The “more talking” approach will *not* work to stop rampantly aggressive types. We’ve got a lot of history on that one. The only benefit for more talking is hoping they manage to do themselves in before they cause more damage than starting a small war would.
Has anyone heard any speculation if the commander of the NORK vessel that launched the attack, I’m guessing a sub, acted independently?
Of course if that had happened I would expect the NORKs to tell the South Koreans in a back-channel manner and that would dissuade the South from announcing the action . . .
South Korea is showing off the remains of the torpedo. A large portion of the gear box, drive shaft and tail fins survived the detonation and were recovered inside a portion of the vessel.
What Liz said about the economics of the situation is correct. It also applies to China and Japan as well as SK. The Chinese have apparently moved a large number of troops to the border to prevent or discourage anyone from crossing in bulk.
The guys at startegypage feel that the hardliners have won out, and were the ones who authorized the attack. Basically, ther are several factions fighting for control, and Dear Leader isn’t in the best of health. His son is rather hated, and there are reports of unrest. If a civil war breaks out, it’ll most likely be the Chinese who go in and restore order. At any rate, the country will have to be built from scratch, and eveyone remembers how W Germany’s economy was destroyed by the re-unification (part of the problem was the exchange rate that EGer was absorbed with, but that’s economics). The Kim family is also terrified that the population would do to them what the Hungarians did to the Ceaucescu’s. The potential for a gotterdamerung is very real.

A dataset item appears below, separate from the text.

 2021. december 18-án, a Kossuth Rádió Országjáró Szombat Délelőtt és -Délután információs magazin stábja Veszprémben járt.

When I’m in a darker mood I feel like Colonel Kurtz in Apocalypse now. Drop the bomb. Exterminate them all.
And I have to wonder, if China moves in to bring stability and those 23 million starving people become their responsibility….would they ever leave? Another potential scenario, the ROK might also try to move in from the south to occupy and avert a humanitarian crisis/mass refugee problem on that end (and attempt to stop a Chinese takeover of the entire DPRK). What then? Would they meet in the middle or would troops clash?
No good options for anyone, a collapse of the DPRK government is like a burst appendix.

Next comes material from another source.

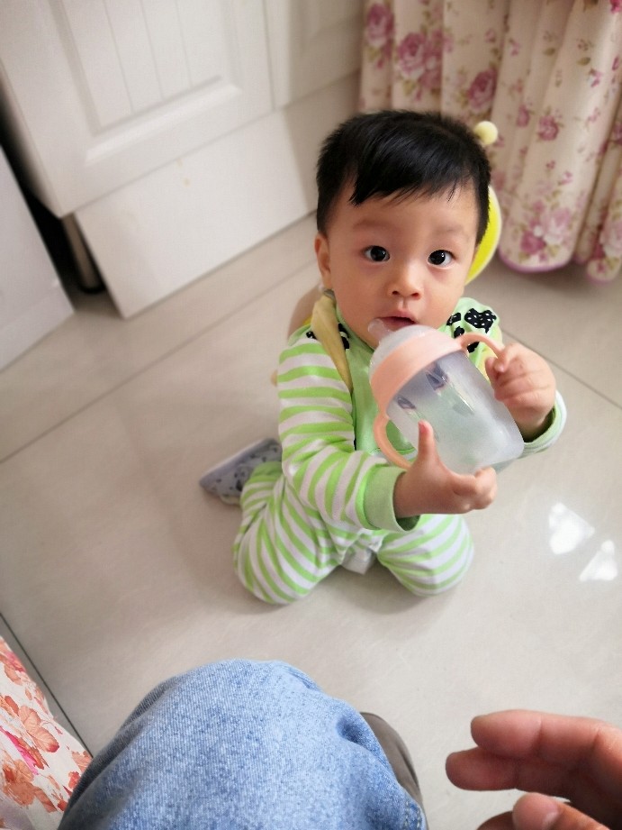 缺点:瓶身较大,奶瓶虽然可以安装扶手,但是我的宝宝还是喜欢直接拿瓶子使用,瓶身能修身就更完美。我家宝宝老喜欢拿奶瓶玩,摸滚爬后硅胶容易吸附,这个也是硅胶奶瓶通病。

The US Navy would be critical too, to ensure no weapons and WMD are smuggled out when all hell break’s loose. Otherwise, US occupation would be the very worst thing we could do there. North Koreans have been brought up since the day they were born to hate the United States and if the ROK Army is seen working side by side with the US instilling martial law and occupying their country, it will reinforce the impression that the ROK is a US pawn and the population may be more inclined to favor a Chinese occupation.
What the hungarias did to Ceaucescu? Because the dude was romanian as far I know…
Sorry about the error, Vitor, but you get the idea. Liz, one of the options is that the north would be administered by an asian coalition. The Chinese don’t really want to administer the peninsula, but they don’t want a united (and free) Korea on its border. On the other hand, if the peninsula could be guaranteed to be completely nuclear free then they might go for it.
No good options, no matter how you slice it.